As a matter of law, the State is not compelled to provide individual supervision for every mental patient. The State is not an insurer of the safety of such patients. Claimant has not sustained his burden of proving that the State failed to use reasonable care against a foreseeable occurrence.
As stated in the Per Curiam memorandum of the Appellate Division in Feitelberg v. State of New York (284 App. Div. 1086): “ The proof did not establish that the number of attendants assigned to the ward was inadequate.” There, claimant had utilized expert testimony which was contradicted by a State expert. In our case, claimant had no expert proof.
In Kowalski v. State of New York (7 A D 2d 762), decided after this trial, the same appellate court wrote that “No proof was offered medically as to * * * what constituted the proper method of supervision in a mental institution or any acts which might constitute negligence. The State offered no testimony. Negligence may not be presumed from the mere happening of an accident. It was incumbent upon the part of the claimant to show affirmatively by competent evidence that the death of the decedent was caused by reason *778of some breach, of duty on the part of the State. Negligence must be proven. (McCabe v. State of New York, 190 Misc. 11, affd. 273 App. Div. 1048; Flaherty v. State of New York, 296 N. Y. 342.) There is no showing of negligence on the part of the State here”. Said language and legal reasoning are apropos at bar.

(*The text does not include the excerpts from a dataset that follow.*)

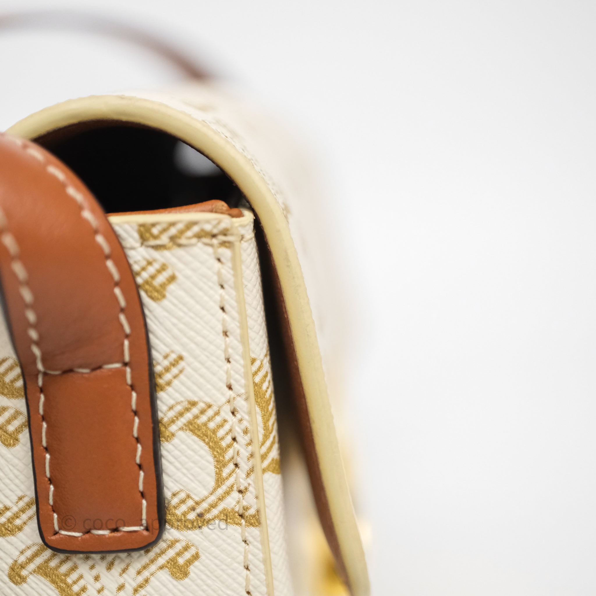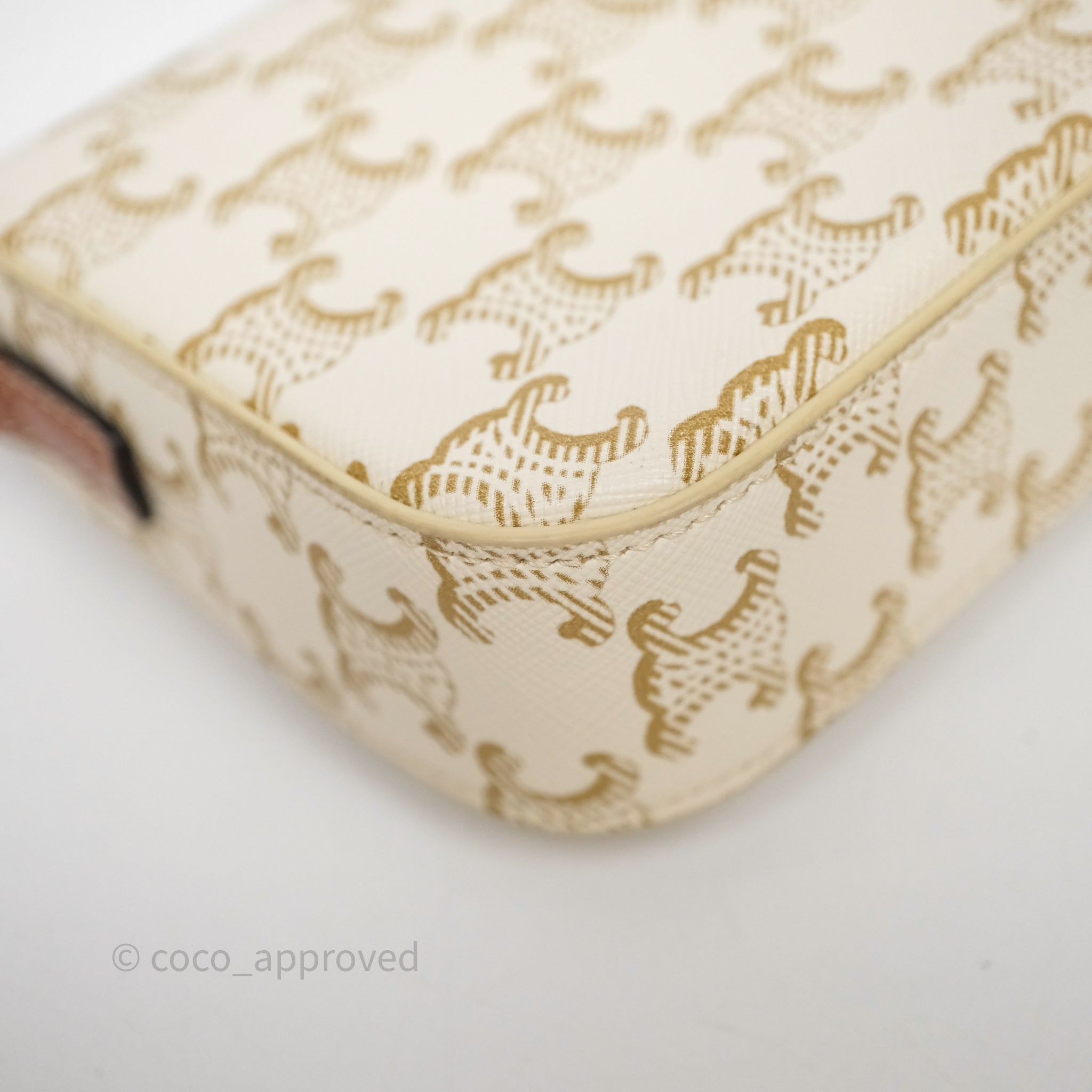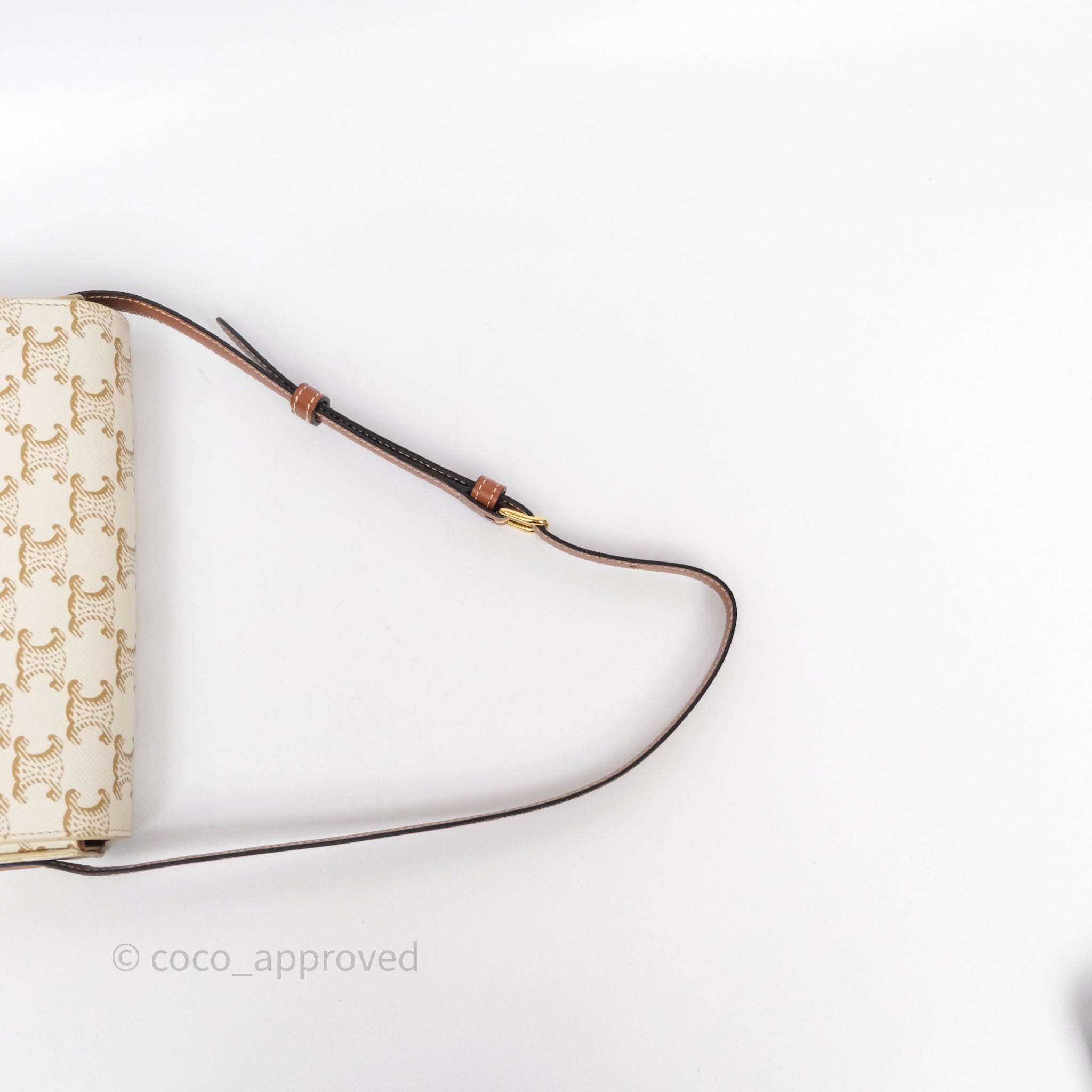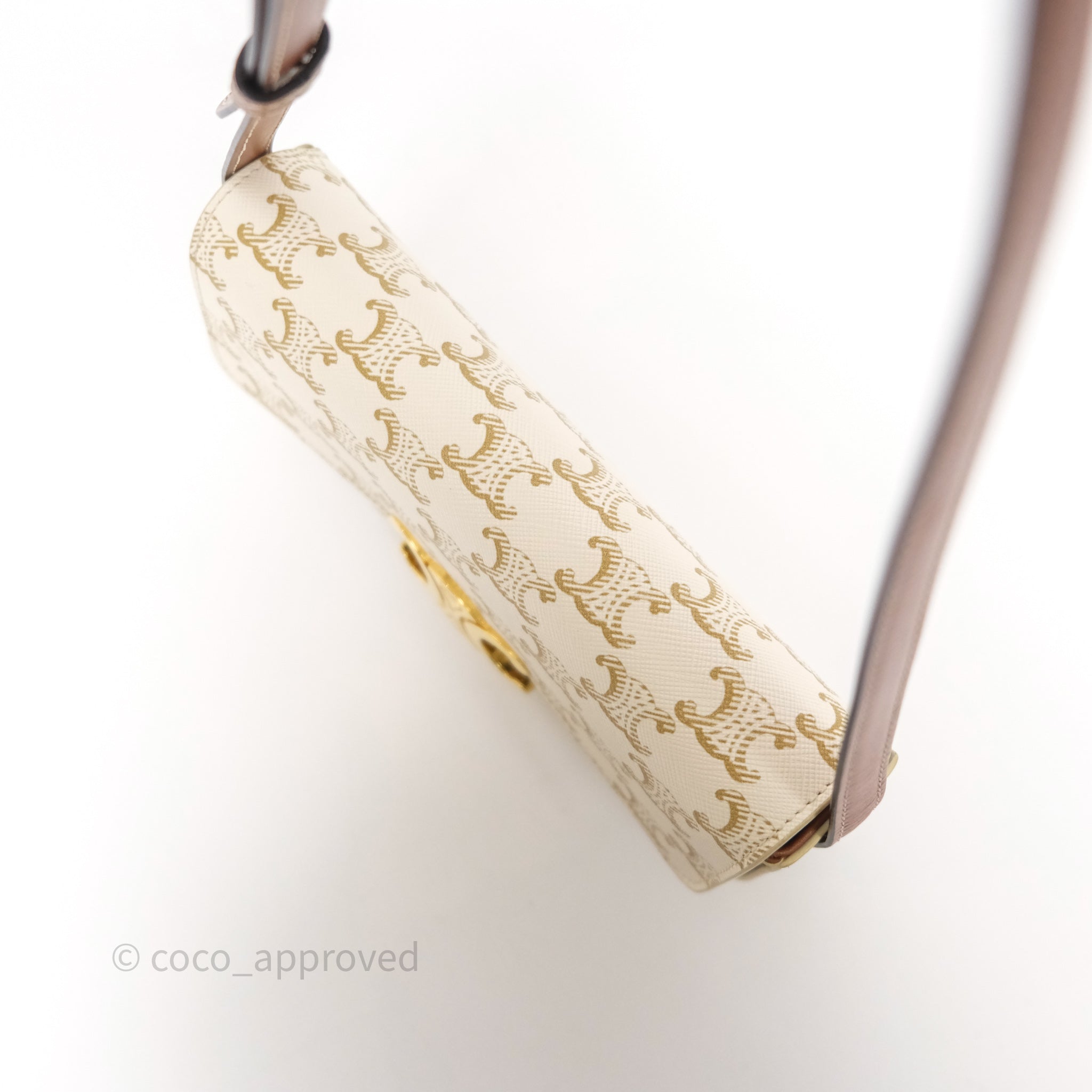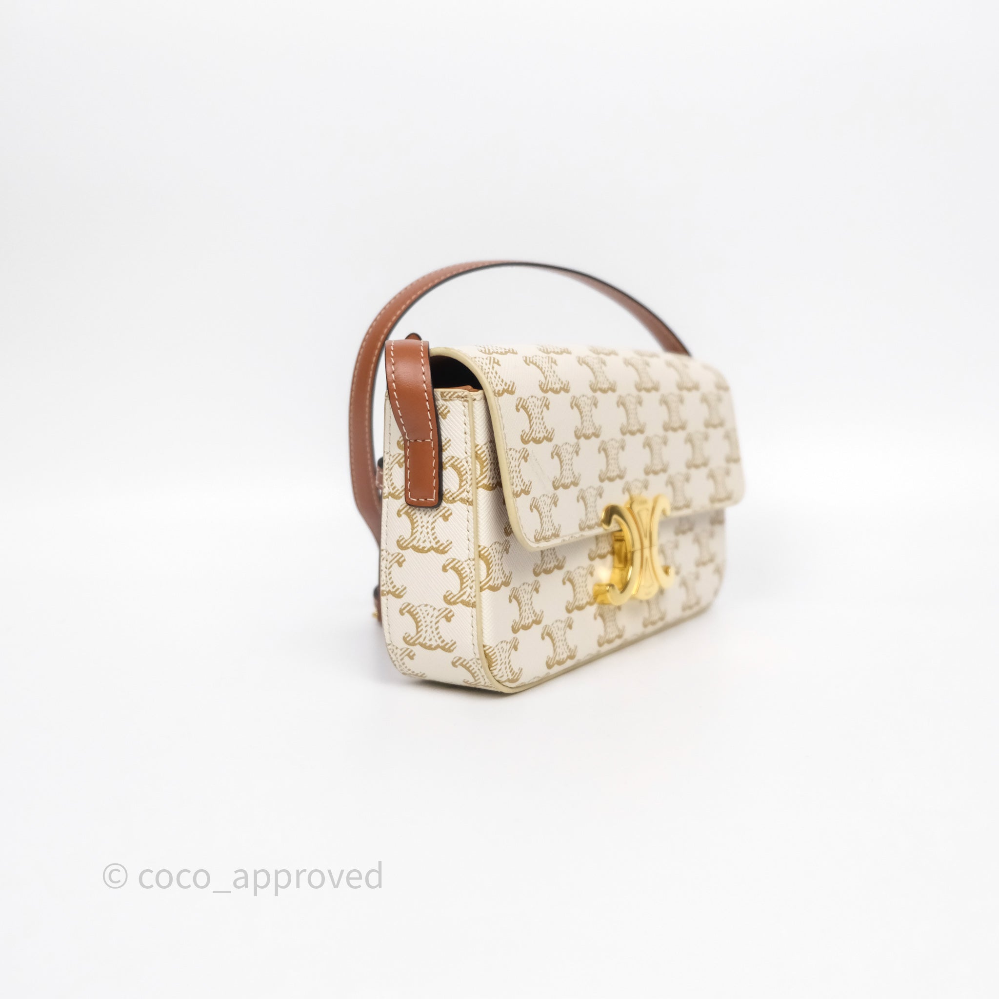 Celine Triomphe Shoulder Bag White Calfskin Triomphe Canvas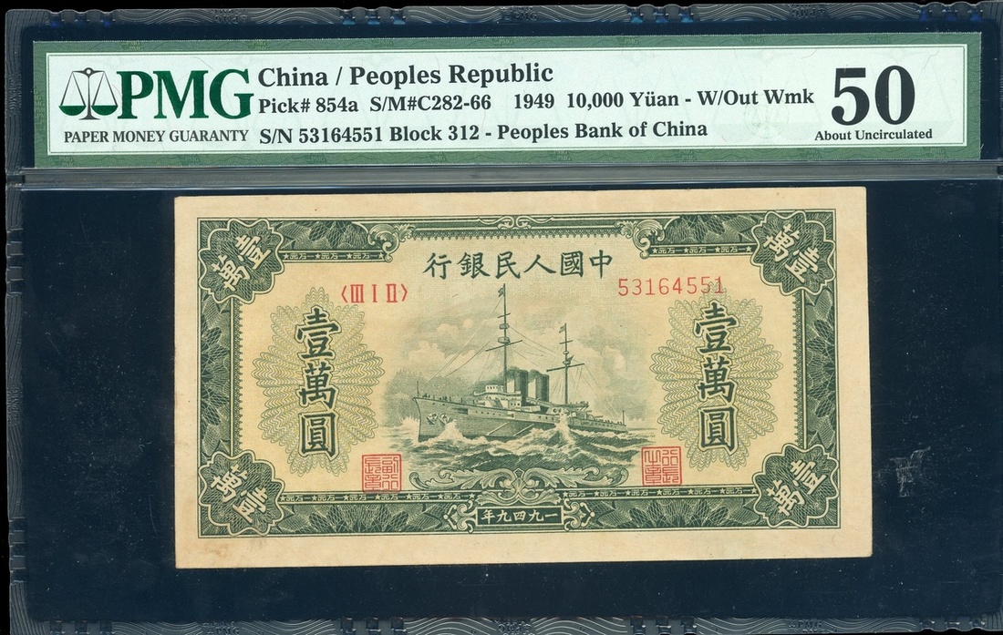 1949年中國人民銀行第一版人民幣10,000元「軍艦」,編號III I II 53164551,PMG 50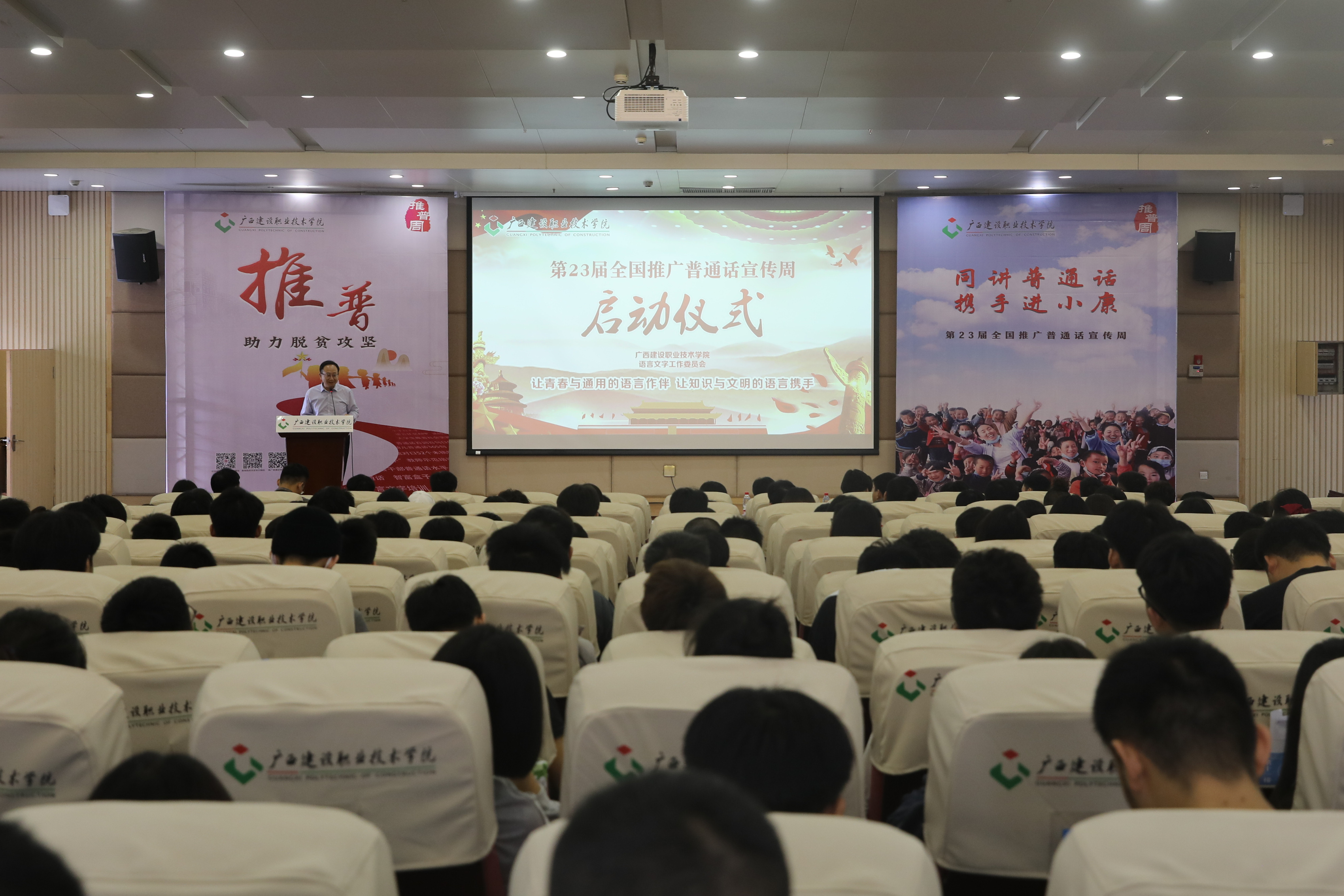 广西建院10月27日讯(文/公共基础部 盛丽梅 院记者团 霍玮 图/院记者团 吴龙)10月26日上午,开云线上平台_开云(中国)2020年第23届全国推广普通话宣传周(以下简称推普周)启动仪式在四教一楼报告厅举行。学院党委副书记曾繁雄出席仪式,...

Claimant has not sustained his burden of proving that any State act or failure to act was a proximate cause of the assault. Accordingly, the defendant cannot be cast in damages upon this record. The claim must be dismissed.
The State’s motions to dismiss (on which decisions had been reserved during the trial) are granted.
This claim has not been assigned nor submitted to any other court or tribunal for audit or determination.
The stenographic minutes of the trial were received by us on May 4, 1959. At the trial’s conclusion, counsel had stipulated that we should render a decision and then grant them about 10 days to submit proposed findings of fact and proposed conclusions of law, if desired. The same are to be exchanged and submitted on or before June 22, 1959. After they have been passed upon, the clerk will receive appropriate directions with respect to the entry of judgment herein.